Capturing master data value – Part 1
Master data management
December 17, 20203 min read

Capturing master data value – Part 1

Master Data Management is a set of applications and technologies designed to consolidate, cleanse, enrich and synchronise key business data across the enterprise.

Written by Eurico Frade

What is a MDM?

Master Data represents the business objects that are shared across more than one transactional application, around which the transactions and analytics are executed. Master data can take the form of a product, customer, service, asset information, in addition to any information sources that may drive an organization’s business. Master data management (MDM) creates a single version of the truth about these objects across the operational systems landscape.

Forrester defines MDM as a “category of software infrastructure that operationalises the acquisition, distribution, and management of core data entities, including customers, products, and suppliers. As enterprises grapple with service-oriented architecture (SOA) demands, they increasingly recognise the need to manage master data, such as customer, product, supplier, location and employee data, outside of the core applications that use it.”

Gartner defines it as a “technology-enabled discipline in which business and IT work together to ensure the uniformity, accuracy, stewardship, semantic consistency and accountability of the enterprise’s official shared master data assets.
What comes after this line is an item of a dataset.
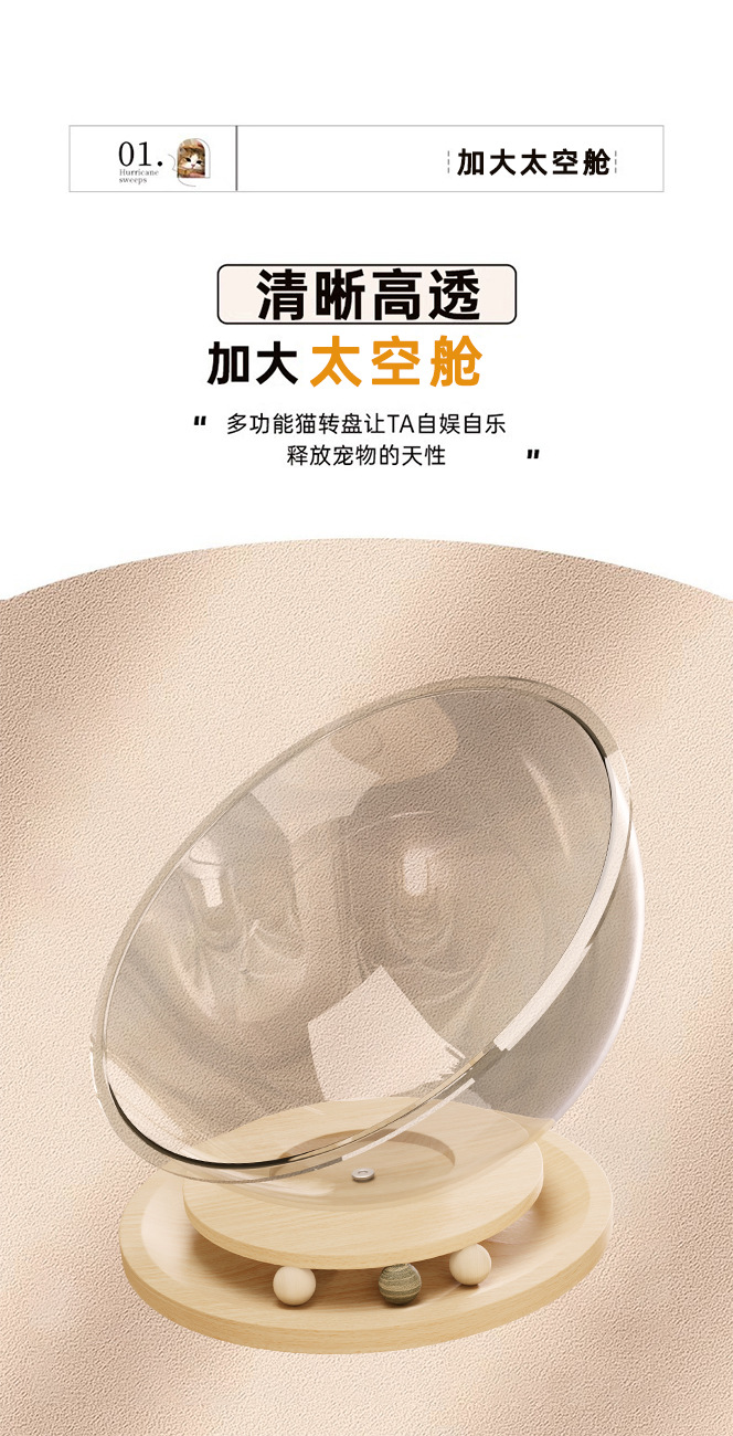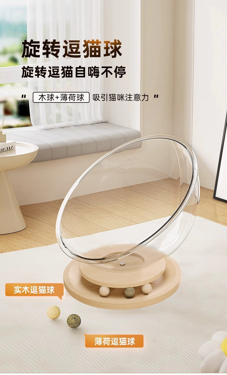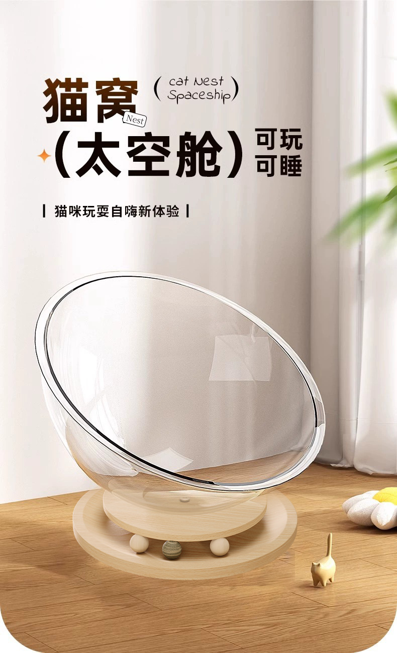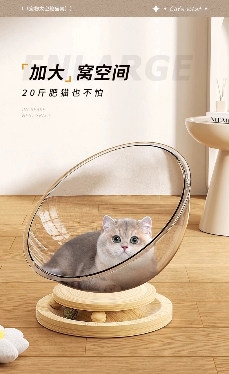 고양이집 고양이 장난감 고양이 침대 일체형 반밀폐형 투명 우주 캡슐 고양이 회전판 애완동물 집 원목

Master data is the consistent and uniform set of identifiers and extended attributes that describes the core entities of the enterprise including customers, prospects, citizens, suppliers, sites, hierarchies and chart of accounts.”

Joining both definitions, one can say that MDM is a set of applications and technologies designed to consolidate, cleanse, enrich and synchronise key business data across the enterprise. It includes pre-defined data models and functions to load, cleanse, govern and share the master data with all business processes, operational applications and analytics systems. It is also responsible for centrally managing the quality and lifecycle of business data, turning to be the real master system for such data.

MDM enables an organisation to link all its critical data to a common point of reference. When properly done, MDM improves data quality, while streamlining data sharing across all departments of the organisation, leading to fewer errors and less redundancy in business processes. The management of master data in a central repository gives a single authoritative view of information and eliminates costly inefficiencies caused by data silos.

How does MDM work?

MDM solutions are all about data governance, by defining the data definitions, standards, access rights and quality rules. MDM executes these rules via a range of data cleansing, transformation and integration practices.

As data sources are added, MDM initiates processes to identify, collect, transform and repair data. Once the data meets the quality thresholds, schemas and taxonomies are created to help maintaining a high-quality master reference. Extensive application integration then shares the governed data with all appropriate operational applications and maps data for analytical systems. It is important to note that since MDM supports transactional applications, it must support high volume transaction rates.

By providing one point of reference for critical information, MDM eliminates redundancies that occur when organisations rely upon multiple, conflicting sources of information. Master Data Management has two main architectural components: the technology to profile, consolidate and synchronise the master data across the enterprise; and the applications to manage, cleanse and enrich the structured and unstructured master data.